Let’s look at another reason you shouldn’t buy individual bonds — the difference between market risk and unique risk.1 Sometimes the entire stock market will go up or down, and it will carry most other stocks with it. Even if Apple/Google/Exxon/whatever is doing spectacularly, the market can go down and take an individual stock with it. This is market risk, and we can’t get away from it.
Unique risk is the risk that an individual stock will go down separately from the market. I would have bet any amount of money that it’s impossible to go broke by selling sugar and fat to Americans, but it turns out I was wrong. If you buy an individual stock, you are subject to market risk, but you’re also subject to that stock going down because of mismanagement, a competitor getting an advantage, or just plain old bad luck.
Market risk is enough risk for anyone.
You may plan to diversify using a do-it-yourself portfolio of 15 to 30 stocks. Bad idea. Here I’ll just quote from Bernstein’s “The Investor’s Manifesto:”

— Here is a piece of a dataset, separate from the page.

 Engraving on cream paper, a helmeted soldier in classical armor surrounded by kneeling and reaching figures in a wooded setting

You may have heard that you can get adequate diversification by owning 15 or 30 stocks. In a narrow statistical sense, this is true; a portfolio of a relatively small number of stocks is not much more volatile than the overall market on a daily basis. This fact misses a much larger point: Small portfolios, even with their low volatility, are more likely to send you to the poorhouse. Researcher Ron Surz constructed 1,000 random portfolios each containing 15 stocks, and then followed their performance for 30 years. The “lucky” portfolios at the 95th percentile or better returned 2.5 times the end wealth of the market, but the “unlucky” ones at the fifth percentile returned only 40 percent of the final wealth of the market.

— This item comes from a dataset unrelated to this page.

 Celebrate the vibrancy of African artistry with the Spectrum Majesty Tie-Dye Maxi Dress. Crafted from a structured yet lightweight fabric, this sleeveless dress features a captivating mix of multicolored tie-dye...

Don’t buy individual stocks or bonds. Period.
Postscript: But I’m Different
But, you may be thinking… what if I can do it? OK. You have the strength of ten because your heart is pure, and you still, after reading all the above, want to take on the big guns. OK. Decide how much you’re willing to lose — it should be the same amount that you’d take to Vegas to play with. Go ahead and play the market with my blessing. But know that you’re gambling, and what you’re doing is entertainment, not investing — and if you lose your stake, do not put more money in. If you win, keep playing with your winnings — but do not put more money in.